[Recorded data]
# # #
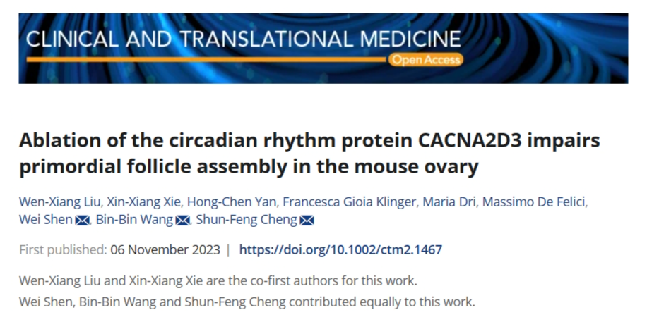 近日,beat365亚洲体育官方网站沈伟教授团队程顺峰教授课题组在国际著名期刊 《Clinical and translational medicine》(IF=10.6)上发表题目为“Ablation of the circadian rhythm protein CACNA2D3 impairs primordial follicle assembly in the mouse ovary”的研究论文。该研究在单细胞尺度揭示了昼夜节律蛋白CACNA2D3在卵巢原始卵泡形成中的重要作用。
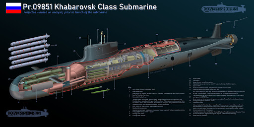 Khabarovsk thuộc Dự án 09851, phát triển dựa trên khung của tàu ngầm lớp Borei – loại chuyên mang tên lửa đạn đạo chiến lược.
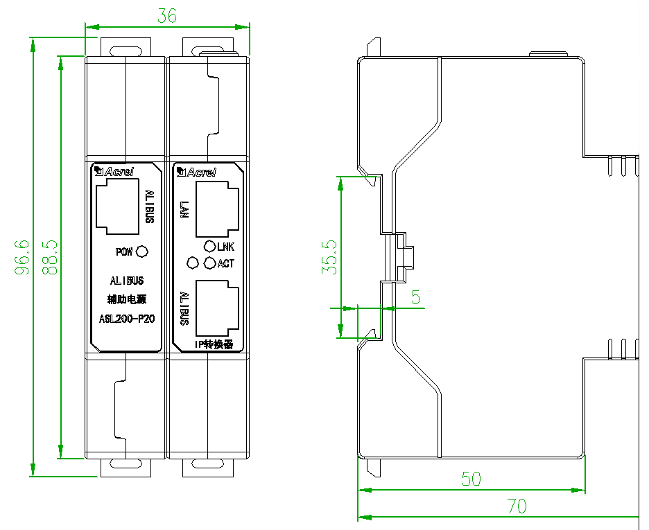 1、ALIBUS總線擴展模塊,通信鏈路供電。
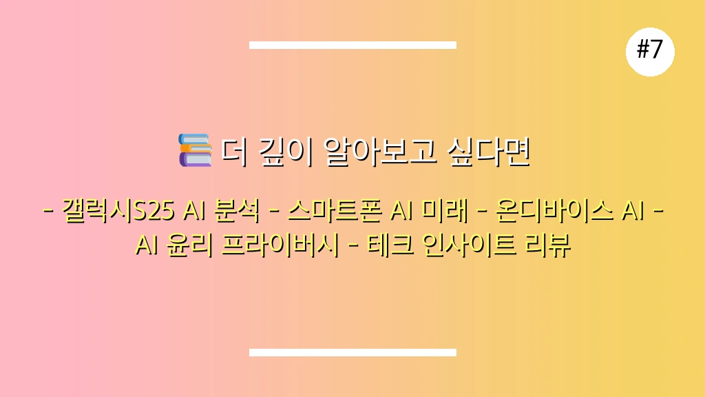 추천 이유: 갤럭시 S25의 AI 기능이 가져올 미래 사회 변화와 개인의 삶에 미칠 영향에 대한 깊이 있는 분석.
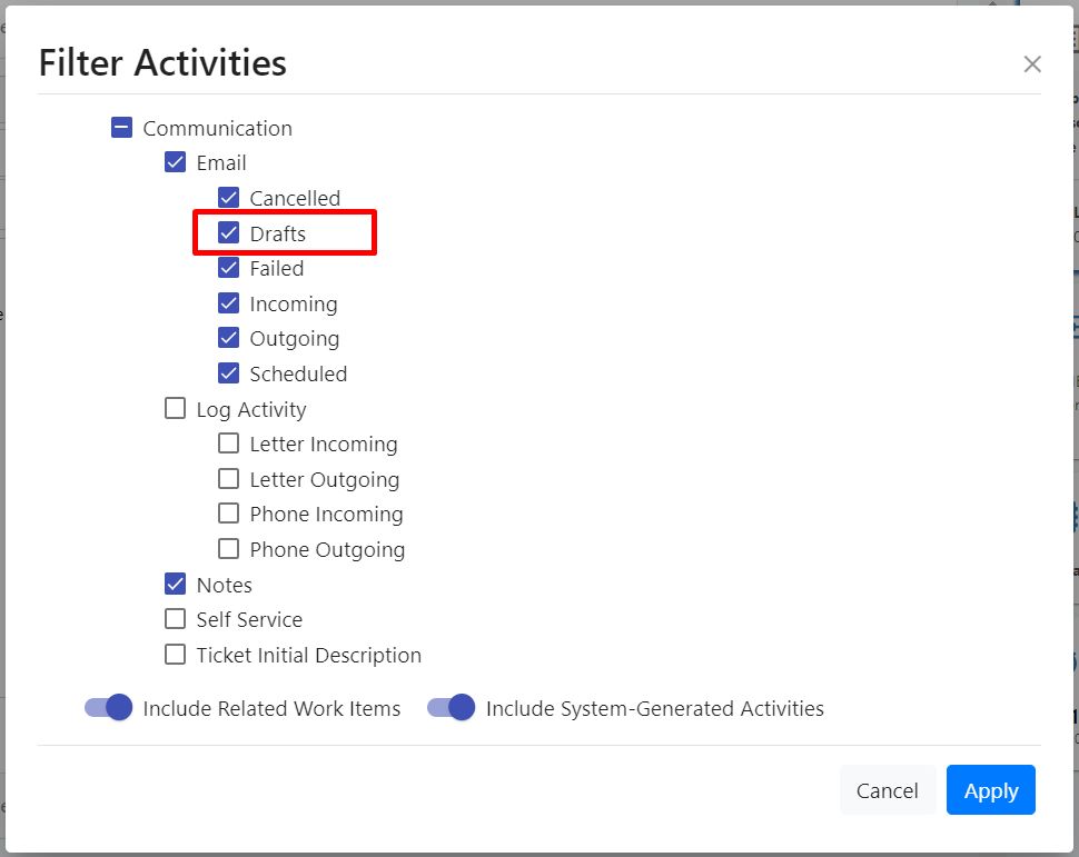 Si une activité a un brouillon d’e-mail et que vous fusionnez ou convertissez un Ticket en Cas, vous pourrez voir le brouillon dans les communications/la chronologie ou dans toutes les activités du groupe lié, à condition que les filtres « Brouillons » et « Inclure les activités liées » soient activés.
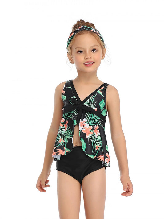 Mommy and Me 2 Piece Floral Green/Black Tankini
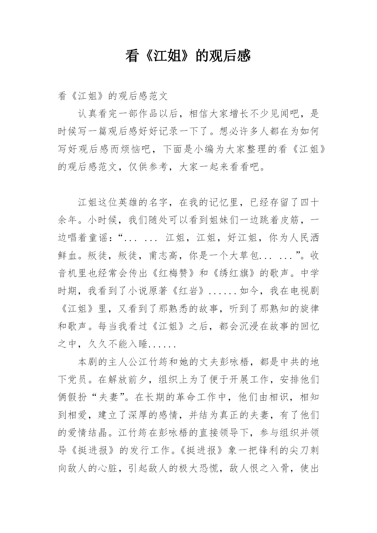看《江姐》的观后感看《江姐》的观后感范文认真看完一部作品以后,相信大家增长不少见闻吧,是时候写一篇观后感好好记录一下了。想必许多人都在为如何写好观后感而烦恼吧,下面是小编为大家整理的看《江姐》的观后感范文,仅供参考,大家一起来看看吧。江姐这位英雄的名字,在我的记忆里,已经存留了四十余年。小时候,我们随处可以看到姐妹们一边跳着皮筋,一边唱着童谣:“......江姐,江姐,好江姐,你为人民洒鲜血。叛徒,叛徒,甫志高,你是一个大草包......”。收音机里也经常会传出《红梅赞》和《绣红旗》的歌声。中学时期,我看
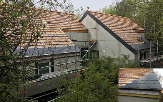 位于比利時阿登高原(Ardennes)的維爾雅爾姆地區(qū)(Vielsalm)有著大面積的天然森林以及山谷景觀,綠意盎然,空氣清新,是徒步愛好者和自行車愛好者的勝地,因此被稱為比利時的"綠肺"。為了更好地保護當(dāng)?shù)刈匀画h(huán)境,該地區(qū)的開發(fā)商對建筑材料的選用有著高標(biāo)準(zhǔn)的環(huán)保要求,特衛(wèi)強®加強型透汽膜憑借其優(yōu)良的氣密性、耐久性及施工便捷性,參與了該地區(qū)某度假村的350棟別墅項目的屋面翻新工程。
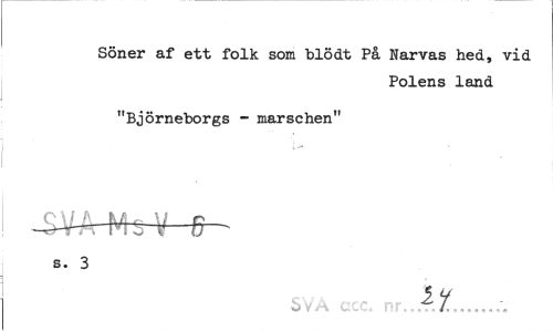//// Söner af ett folk som blödt På Narvas hed, vid //// Polens land //// "Björneborgs - marschen" //// s. 3 //// SVA , -. nr,,,t ... ////
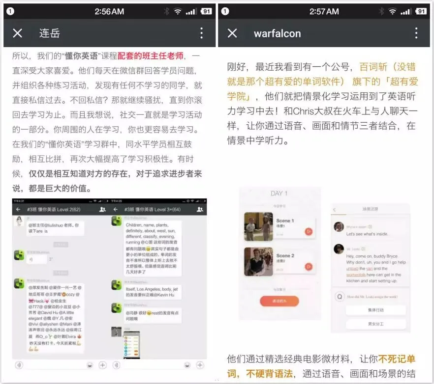一个与此相关的实例,是在连岳与 Warfalcon 等公众号中,能够看到流利说与百词斩的投放文章。这或许表明, App 前期积累的免费流量,并不能完全支撑收费业务,无法完整地替代广告投放的作用。
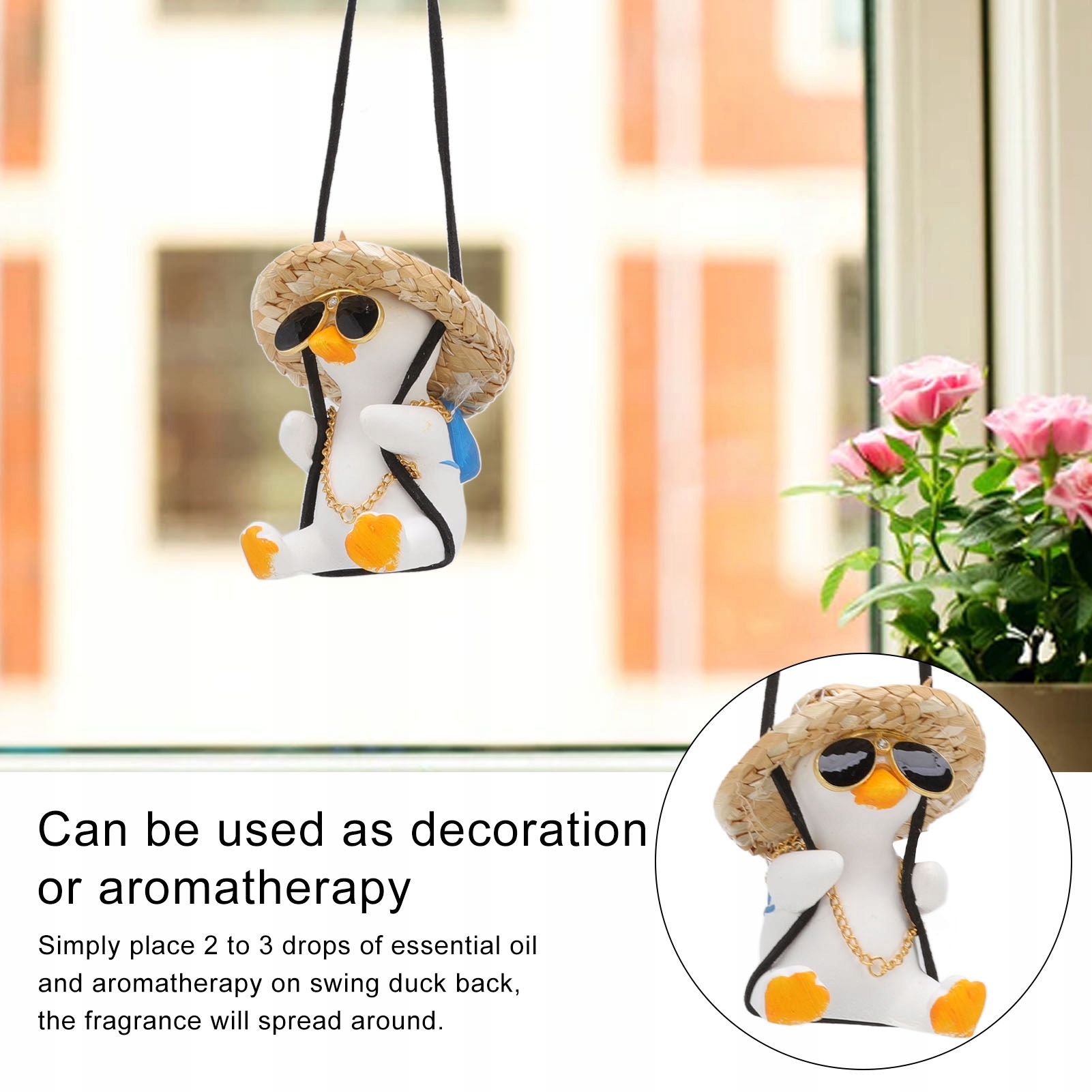 1. [Функція прикраси або ароматерапії] Чарівний кулон автомобіля з качкою може використовуватися як прикраса або ароматерапія.
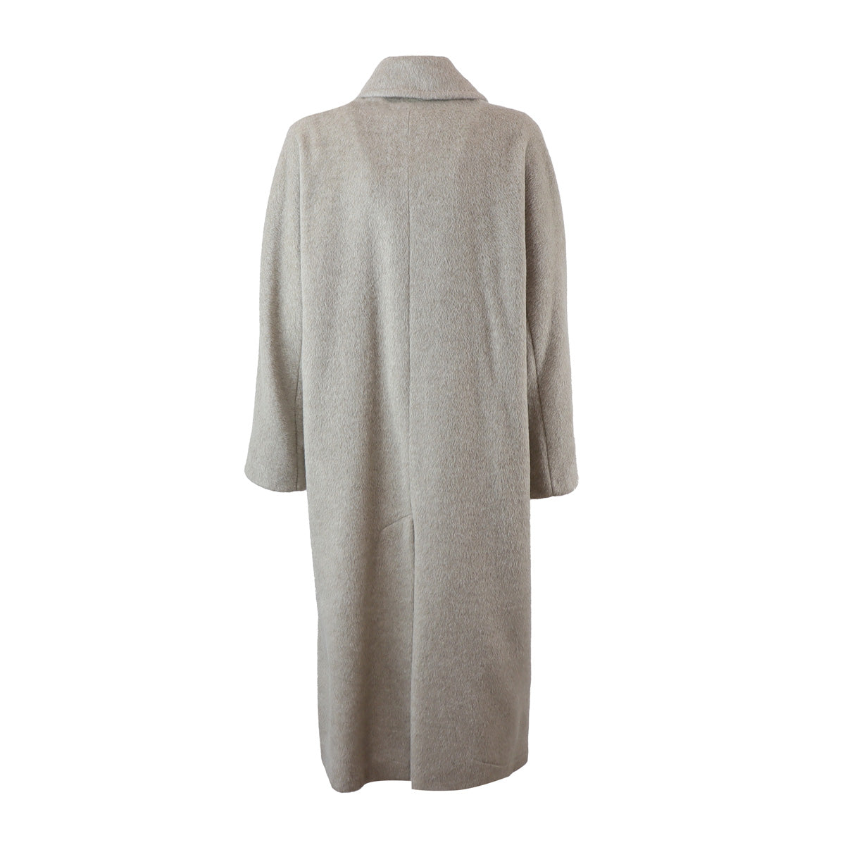 Cappotto ADDOBBO beige di IBLUES in misto lana con modello doppio petto, cintura in vita, collo a rever, cintura abbinata, tasche a filetto e spacco posteriore. Fit regolare.
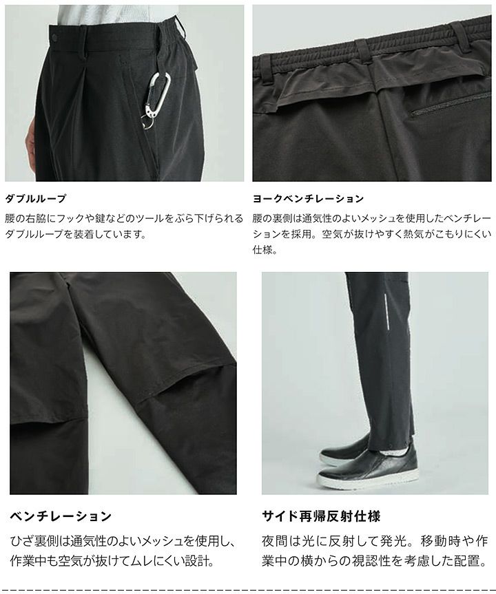 他の画像を見る ジャケットと合わせてスーツスタイルが完成する、スタイリッシュな高機能パンツ。 どこでもパンツ キャリーン CAM188 スラックス スーツ メンズ 速乾 撥水 ストレッチ 男性用 作業服 作業着 カジュアル フォーマル ユニフォーム 制服 CAM-188 CAREAN スーツ型作業服 ワーキングスーツ 配達員 清掃員 自転車 蒸れない 蒸れにくい 本体価格 ¥ 9,205 税込 カートに入れる お気に入りに登録する
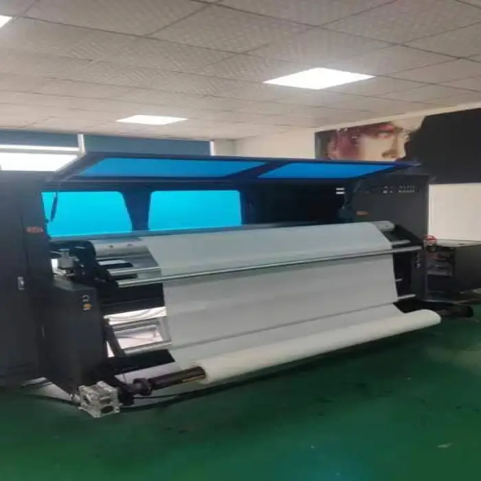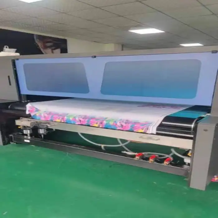 This machine uses sublimation ink for high-quality prints on various textile materials.
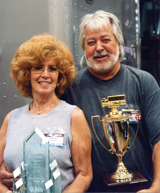 Whether the dreams are new or old, being recognized with an award is always sweet. Neal and Barbara Holsomback, long-time favorites in the truck show community, brought their gorgeous 1988 Peterbilt 379 “Plum Classy” out to play. With a brand-new stainless steel floor, loads of chrome and stainless and paint waxed to a glossy shine, the Holsombacks brought home three trophies – including special recognition from Peterbilt and Chevron DELO. Their engine alone was a real traffic stopper – an incredible assembly of chrome, paint and immaculate detail, prompting more than one passer-by to wonder if this truck actually went down the road to work every day! It sure does – as Holsomback puts on around 90,000 miles/year hauling carpet and airfreight around the South and Midwest – with an occasional trip to the West Coast for good measure.
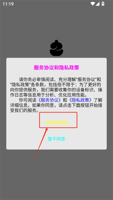 1、若要在手机上开启三帆工具箱app,第一步需同意相关协议与政策。
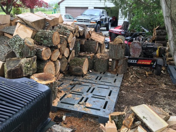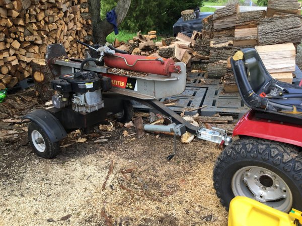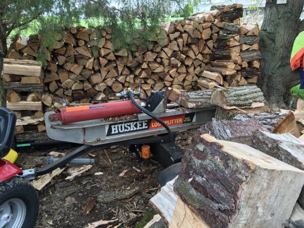 The Wood Wolverine , that elm fought me the other day while splitting it. I swear, splitting elm without a push through splitter would really be a pain. I've never split elm on the H/V non push through splitter, but I just recall your pictures of your fun. On the push through, if one doesn't split all the way before the end of the piston stroke, then you just load the next piece on and it will finish the job. These pieces were all noodled by the asplundh guy, so that probably helped.
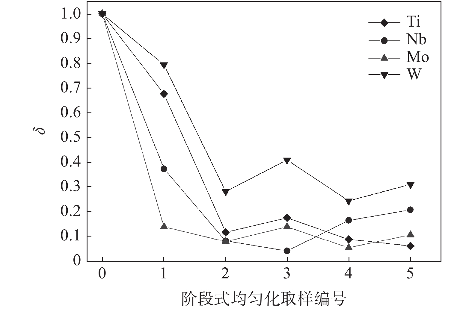 The as-cast microstructure of the samples from multiple locations of an ESR ingot of superalloy GH4065A had been characterised by SEM and DSC, and then evolution of microstructure and residual segregation index of the samples treated under a variety of designed homogenization schemes had been investigated. The results show that γ-γ’ eutectic phase, borides and TiN are the major precipitated phases in the as-cast microstructure of GH4065A. Ti, Nb, Mo and W are the major segregated elements. After homogenization at 1 160 ℃ for 10 h, the precipitated phases mostly dissolves and residual segregation index of Ti, Nb, Mo reduces down to about 0.2, and index of W down to 0.4, which demonstrates homogenization at 1 160 ℃ for 10 h is reasonable treatment condition. Due to the large scale of ingots in industrial production, it is acceptable to immerse the ingot in the furnace of 1 160 ℃ for 20 h to achieve homogenization.
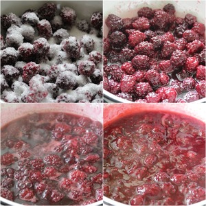 Приготовить ягодный крем (фото кликабельно). Для этого свежие или замороженные ягоды (размораживать не надо) выложить в кастрюлю или огнеупорную миску, добавить сахар по вкусу и нагревать на среднем огне, помешивая, пока ягода не даст сок.
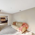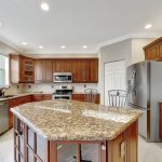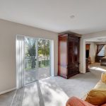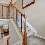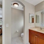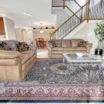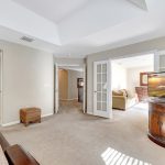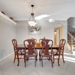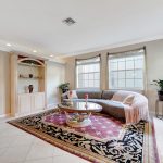 Upon entry, you will be greeted into a bright and spacious living room adorned with high ceilings and ample windows, perfect for hosting gatherings. The open floor plan seamlessly integrates the living space with the dining area and chef’s kitchen, equipped with granite countertops, custom cabinetry, stainless steel appliances, and a sizable island.
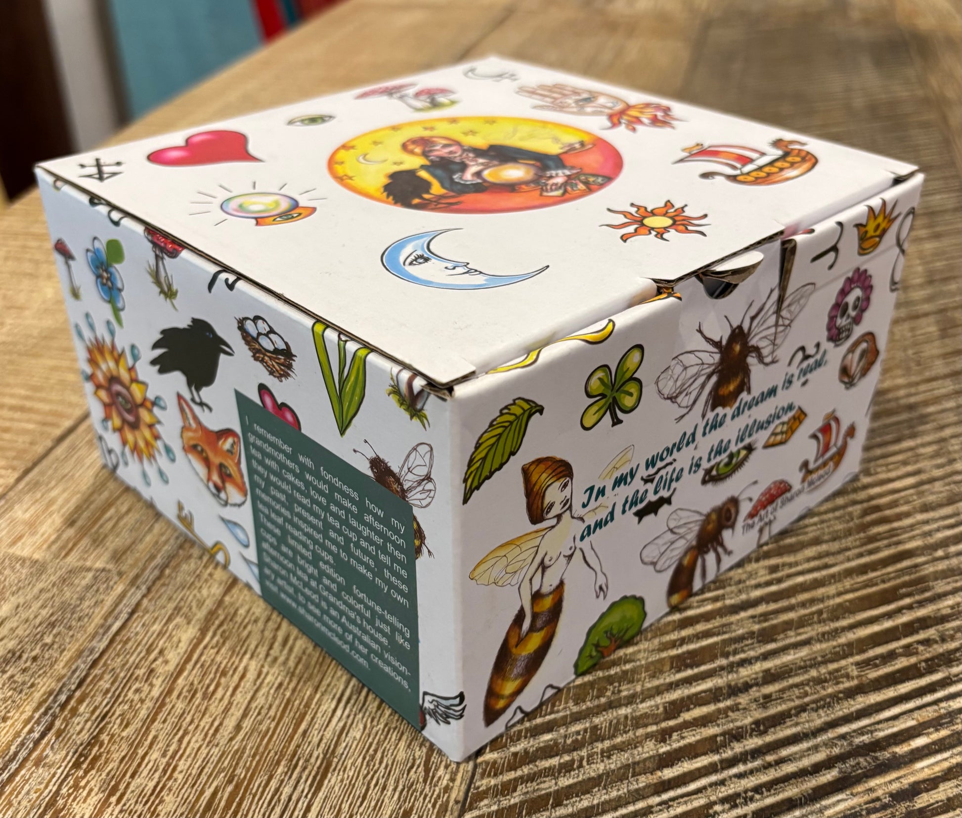 This beautiful fortune telling cup and saucers is part of Sharon’s range of divination cups and saucers. Designed by Sharon and shows her love of symbols and all things divine and magical. This image is from the Oracle of the Innocent Heart that Sharon Illustrated.
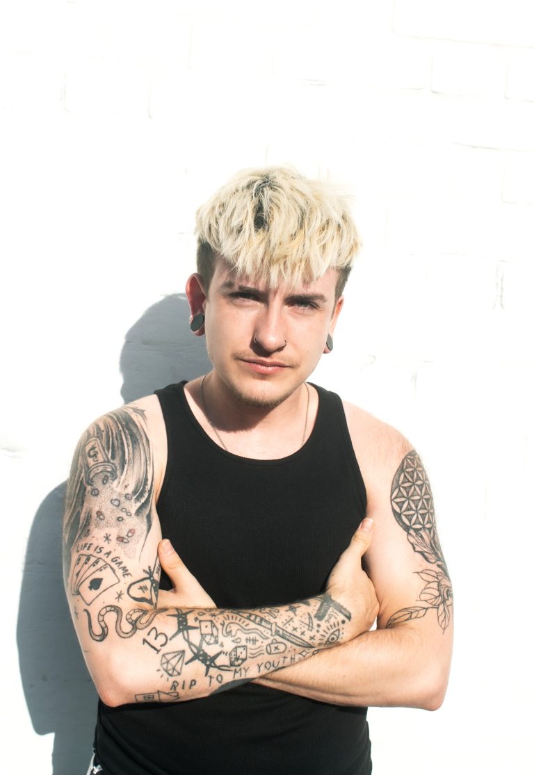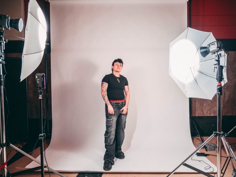 Adrian Sweeney Golano standing on a white backdrop, on a photoshoot set in Bank Plain with lights either side of him.
# # #
> **Task to carry out**
Exactly the lines from the top of the entries through the line with "This machine uses", inclusive, must be given again, with every picture omitted.

> **Answer to the problem**
 近日,beat365亚洲体育官方网站沈伟教授团队程顺峰教授课题组在国际著名期刊 《Clinical and translational medicine》(IF=10.6)上发表题目为“Ablation of the circadian rhythm protein CACNA2D3 impairs primordial follicle assembly in the mouse ovary”的研究论文。该研究在单细胞尺度揭示了昼夜节律蛋白CACNA2D3在卵巢原始卵泡形成中的重要作用。
 Khabarovsk thuộc Dự án 09851, phát triển dựa trên khung của tàu ngầm lớp Borei – loại chuyên mang tên lửa đạn đạo chiến lược.
 1、ALIBUS總線擴展模塊,通信鏈路供電。
 추천 이유: 갤럭시 S25의 AI 기능이 가져올 미래 사회 변화와 개인의 삶에 미칠 영향에 대한 깊이 있는 분석.
 Si une activité a un brouillon d’e-mail et que vous fusionnez ou convertissez un Ticket en Cas, vous pourrez voir le brouillon dans les communications/la chronologie ou dans toutes les activités du groupe lié, à condition que les filtres « Brouillons » et « Inclure les activités liées » soient activés.
 Mommy and Me 2 Piece Floral Green/Black Tankini
看《江姐》的观后感看《江姐》的观后感范文认真看完一部作品以后,相信大家增长不少见闻吧,是时候写一篇观后感好好记录一下了。想必许多人都在为如何写好观后感而烦恼吧,下面是小编为大家整理的看《江姐》的观后感范文,仅供参考,大家一起来看看吧。江姐这位英雄的名字,在我的记忆里,已经存留了四十余年。小时候,我们随处可以看到姐妹们一边跳着皮筋,一边唱着童谣:“......江姐,江姐,好江姐,你为人民洒鲜血。叛徒,叛徒,甫志高,你是一个大草包......”。收音机里也经常会传出《红梅赞》和《绣红旗》的歌声。中学时期,我看
 位于比利時阿登高原(Ardennes)的維爾雅爾姆地區(qū)(Vielsalm)有著大面積的天然森林以及山谷景觀,綠意盎然,空氣清新,是徒步愛好者和自行車愛好者的勝地,因此被稱為比利時的"綠肺"。為了更好地保護當(dāng)?shù)刈匀画h(huán)境,該地區(qū)的開發(fā)商對建筑材料的選用有著高標(biāo)準(zhǔn)的環(huán)保要求,特衛(wèi)強®加強型透汽膜憑借其優(yōu)良的氣密性、耐久性及施工便捷性,參與了該地區(qū)某度假村的350棟別墅項目的屋面翻新工程。
//// Söner af ett folk som blödt På Narvas hed, vid //// Polens land //// "Björneborgs - marschen" //// s. 3 //// SVA , -. nr,,,t ... ////
一个与此相关的实例,是在连岳与 Warfalcon 等公众号中,能够看到流利说与百词斩的投放文章。这或许表明, App 前期积累的免费流量,并不能完全支撑收费业务,无法完整地替代广告投放的作用。
 1. [Функція прикраси або ароматерапії] Чарівний кулон автомобіля з качкою може використовуватися як прикраса або ароматерапія.
 Cappotto ADDOBBO beige di IBLUES in misto lana con modello doppio petto, cintura in vita, collo a rever, cintura abbinata, tasche a filetto e spacco posteriore. Fit regolare.
 他の画像を見る ジャケットと合わせてスーツスタイルが完成する、スタイリッシュな高機能パンツ。 どこでもパンツ キャリーン CAM188 スラックス スーツ メンズ 速乾 撥水 ストレッチ 男性用 作業服 作業着 カジュアル フォーマル ユニフォーム 制服 CAM-188 CAREAN スーツ型作業服 ワーキングスーツ 配達員 清掃員 自転車 蒸れない 蒸れにくい 本体価格 ¥ 9,205 税込 カートに入れる お気に入りに登録する
 This machine uses sublimation ink for high-quality prints on various textile materials.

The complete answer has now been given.